Выбрать главу

Er klonk gesnuif en Aviendha draaide zich om. Melaine stond achter haar. De goudharige Wijze had haar armen over elkaar geslagen boven een buik die begon te zwellen van haar zwangerschap. Haar gezicht stond niet vrolijk. Hoe had Aviendha zich door die vrouw kunnen laten besluipen zonder haar te horen? Ze liet zich door haar vermoeidheid onvoorzichtig maken.
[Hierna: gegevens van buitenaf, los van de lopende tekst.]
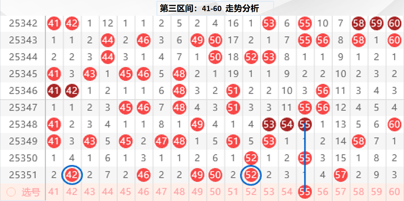 三区分析:【41-60】(走势图标注号码非小黄车大底,请谨慎参考,具体思路将在直播间分享讨论)

Melaine en Merise staarden elkaar een tijdje aan; toen draaide de lange Aes Sedai zich in een werveling van groene rokken om en liep weg om de bedienden die door het vuur in de val hadden gezeten te vragen of ze behoefte hadden aan Heling. Melaine keek haar na en schudde haar hoofd. ‘Onuitstaanbaar mens,’ mompelde ze. ‘En dan te bedenken hoe we ooit naar hen opkeken!’

‘Wijze?’ vroeg Aviendha.

‘Ik ben sterker dan de meeste Aes Sedai, Aviendha, en jij bent nog veel sterker dan ik. Je hebt een beheersing over wevingen waarbij de rest van ons verbleekt. Anderen moeten veel moeite doen om te leren wat bij jou komt aanwaaien. “Ruwe wevingen,” zegt ze! Ik betwijfel of een Aes Sedai, behalve misschien Cadsuane Sedai, had kunnen doen wat jij deed met die waterzuil. Om water over zo’n grote afstand te verplaatsen, moest je gebruikmaken van de eigen stroming en druk van de rivier.’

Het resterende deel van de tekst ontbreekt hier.